In an embodiment of the storage controller the first region is arranged to store metadata blocks each having P kbytes, the metadata blocks including metadata entries each having R bytes. In an example arrangement, P is the integer 4 and R is the integer 16.


In an embodiment, the metadata management logic, when executed by the processor, identifies a number of unused metadata blocks in the first region of the solid-state memory element, identifies when the number of unused metadata blocks is below a threshold and in response to the number of unused metadata blocks being below the threshold, recycles a used metadata block.

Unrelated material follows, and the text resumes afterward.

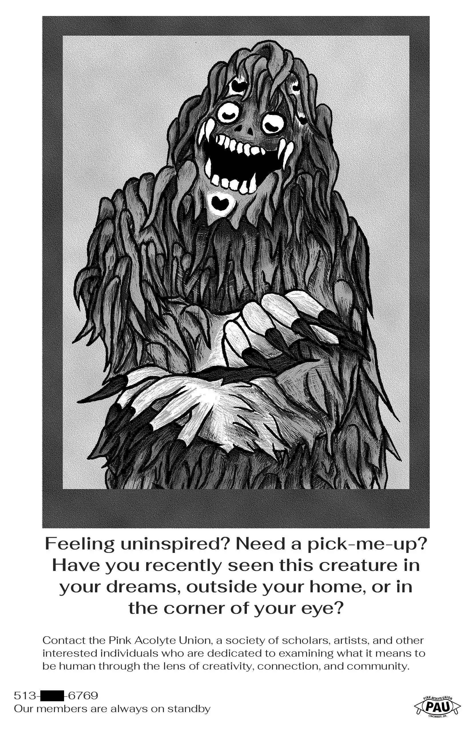 The Terrifying Pink Thing is a cryptid similar to Bigfoot or the Ohio Grassman that has been haunting the southern Ohio area (and possibly beyond) for at least the last 250 years. Known by multiple names, most frequently das rosenungetüm, or the “rose ogre”, the TPT stands around 6’4” and is estimated to be approximate 350-400 pounds. The TPT is also an alternate reality game that utilizes multiple websites, spaces, videos, performances, and objects to tell its story. Based on archival research and counterfactual narrative methodologies, the artworks and artifacts within the collection are fictional yet speculative to the many stories from primarily marginalized populations that have gone under documented. The project acts to critically examine the role of archives in determining what stories are/are not worth preserving and critique nonprofit and academic institutions.

In an embodiment, the metadata management logic, when executed by the processor, saves valid cache line metadata entries to an alternative metadata block, marks the alternative metadata block as used when not so marked and marks a source metadata block as unused. The alternate metadata block may be partially filled or empty.


In an embodiment, the metadata management logic, when executed by the processor, performs a garbage collection process on a used block adjacent to the metadata block that received metadata. In addition, the metadata management logic identifies when no log update requests are pending and in response updates a log status.


In an embodiment, the log further includes information that defines the last log entry that was stored in the metadata region.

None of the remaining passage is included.